• **Aim of the exercise**:
Wherever "Blue" appears in a line of the listing, that line should be returned.

• **Records for the exercise**:
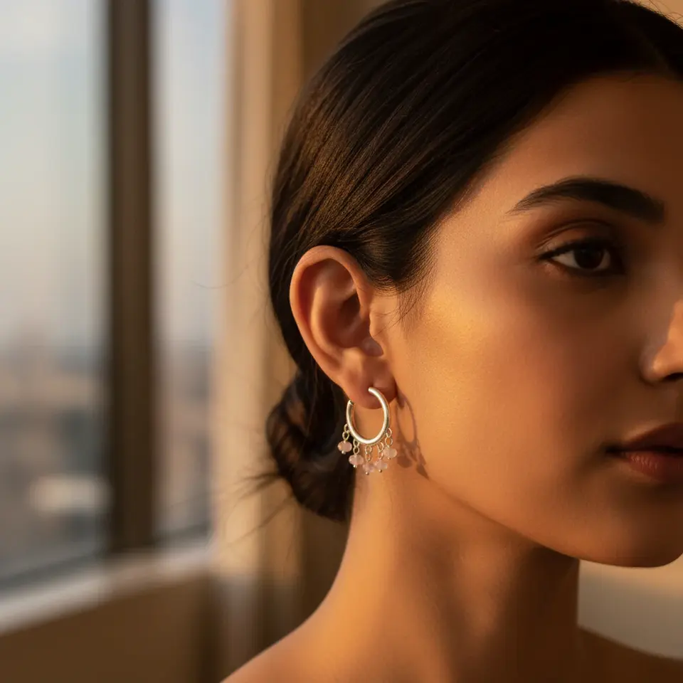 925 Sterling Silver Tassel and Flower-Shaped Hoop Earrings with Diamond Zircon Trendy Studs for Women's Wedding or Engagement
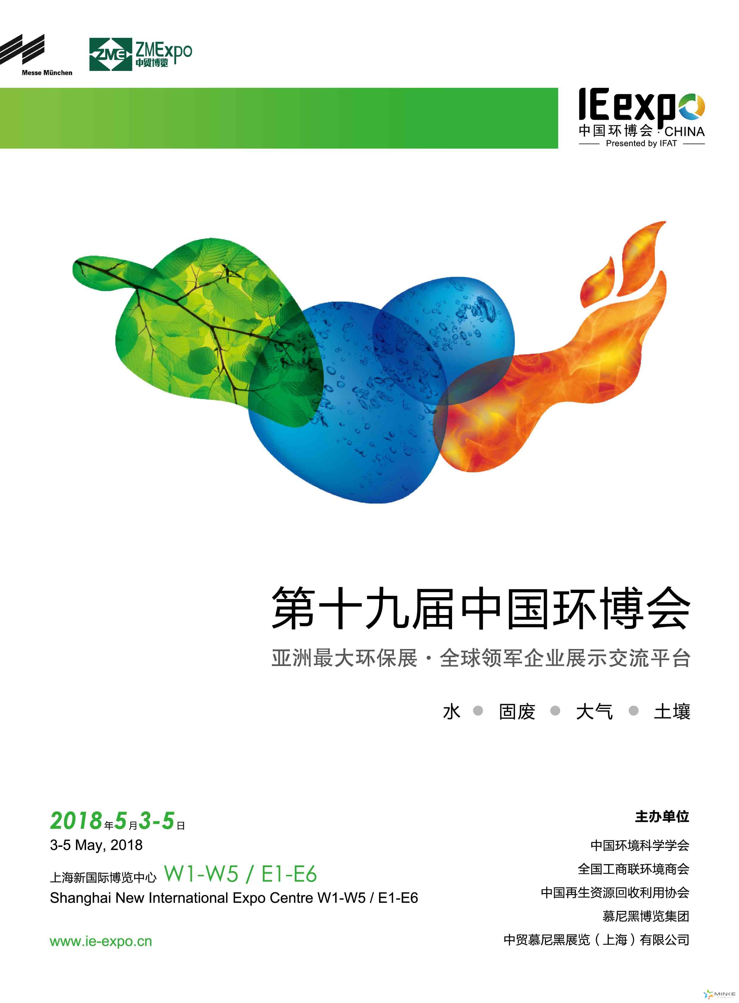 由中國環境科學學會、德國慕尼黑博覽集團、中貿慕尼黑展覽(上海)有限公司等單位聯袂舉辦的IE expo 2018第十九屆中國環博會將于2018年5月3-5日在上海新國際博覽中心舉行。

---

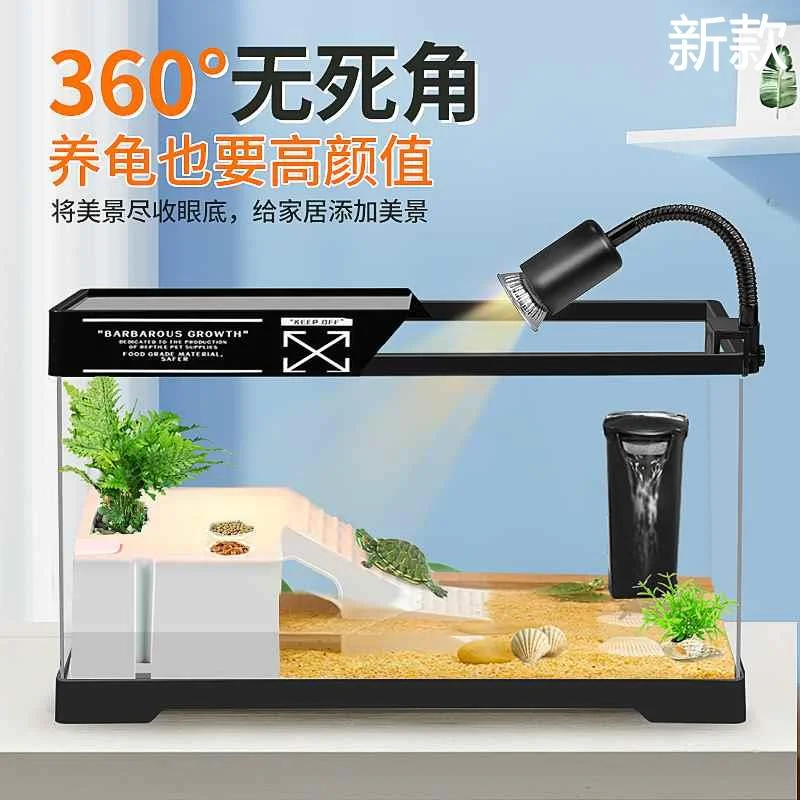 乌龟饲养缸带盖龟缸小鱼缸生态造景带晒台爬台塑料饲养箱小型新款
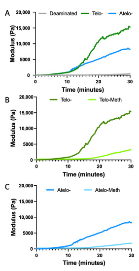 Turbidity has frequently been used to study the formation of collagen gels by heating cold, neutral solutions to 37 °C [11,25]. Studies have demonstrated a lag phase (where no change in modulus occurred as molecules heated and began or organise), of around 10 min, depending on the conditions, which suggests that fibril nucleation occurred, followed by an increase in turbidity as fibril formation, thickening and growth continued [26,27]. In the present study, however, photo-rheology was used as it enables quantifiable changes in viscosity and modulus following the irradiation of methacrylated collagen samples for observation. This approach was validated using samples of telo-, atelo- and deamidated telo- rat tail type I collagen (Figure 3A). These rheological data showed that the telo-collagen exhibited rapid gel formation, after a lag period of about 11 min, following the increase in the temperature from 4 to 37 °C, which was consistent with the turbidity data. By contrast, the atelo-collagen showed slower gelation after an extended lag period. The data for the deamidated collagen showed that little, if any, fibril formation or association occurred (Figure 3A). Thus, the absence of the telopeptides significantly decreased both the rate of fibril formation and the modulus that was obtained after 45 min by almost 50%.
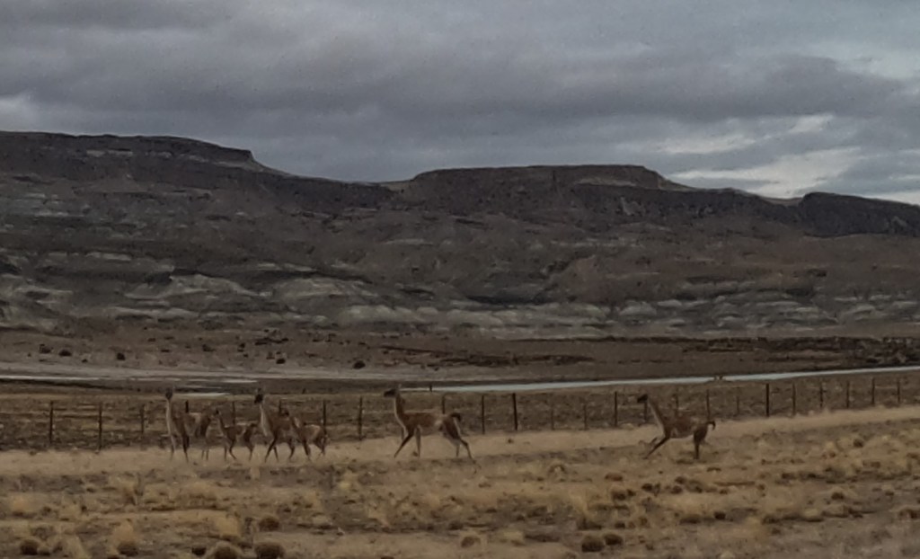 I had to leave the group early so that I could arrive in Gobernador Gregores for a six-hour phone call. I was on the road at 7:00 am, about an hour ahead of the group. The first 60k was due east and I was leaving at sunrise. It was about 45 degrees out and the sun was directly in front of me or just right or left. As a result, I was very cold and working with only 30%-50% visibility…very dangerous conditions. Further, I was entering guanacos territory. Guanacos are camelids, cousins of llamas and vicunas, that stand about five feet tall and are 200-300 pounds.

* * *

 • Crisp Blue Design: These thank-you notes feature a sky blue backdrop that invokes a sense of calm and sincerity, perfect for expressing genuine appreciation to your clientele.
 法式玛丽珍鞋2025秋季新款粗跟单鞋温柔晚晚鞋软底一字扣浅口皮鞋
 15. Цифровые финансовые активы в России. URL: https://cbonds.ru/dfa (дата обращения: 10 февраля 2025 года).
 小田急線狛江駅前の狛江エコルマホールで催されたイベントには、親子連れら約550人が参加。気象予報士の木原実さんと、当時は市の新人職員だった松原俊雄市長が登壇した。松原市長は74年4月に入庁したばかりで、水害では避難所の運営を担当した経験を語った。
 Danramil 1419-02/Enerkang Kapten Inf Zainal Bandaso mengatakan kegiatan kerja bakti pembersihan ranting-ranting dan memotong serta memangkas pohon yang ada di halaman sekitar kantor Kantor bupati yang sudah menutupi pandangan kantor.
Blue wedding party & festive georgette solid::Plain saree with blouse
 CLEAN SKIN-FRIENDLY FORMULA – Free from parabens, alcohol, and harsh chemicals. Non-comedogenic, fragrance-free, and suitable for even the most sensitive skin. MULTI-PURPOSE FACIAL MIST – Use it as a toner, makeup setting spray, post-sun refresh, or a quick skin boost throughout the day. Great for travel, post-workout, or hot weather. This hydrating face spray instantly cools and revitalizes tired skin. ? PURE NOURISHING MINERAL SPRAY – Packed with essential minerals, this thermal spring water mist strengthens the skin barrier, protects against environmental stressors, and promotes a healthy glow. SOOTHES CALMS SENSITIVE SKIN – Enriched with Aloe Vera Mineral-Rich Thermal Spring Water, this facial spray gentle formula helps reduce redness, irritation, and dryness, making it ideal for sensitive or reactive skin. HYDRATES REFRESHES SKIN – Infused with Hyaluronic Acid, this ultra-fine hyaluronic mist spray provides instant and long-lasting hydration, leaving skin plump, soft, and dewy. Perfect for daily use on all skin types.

• **Answer to this problem**:
 • Crisp Blue Design: These thank-you notes feature a sky blue backdrop that invokes a sense of calm and sincerity, perfect for expressing genuine appreciation to your clientele.
Blue wedding party & festive georgette solid::Plain saree with blouse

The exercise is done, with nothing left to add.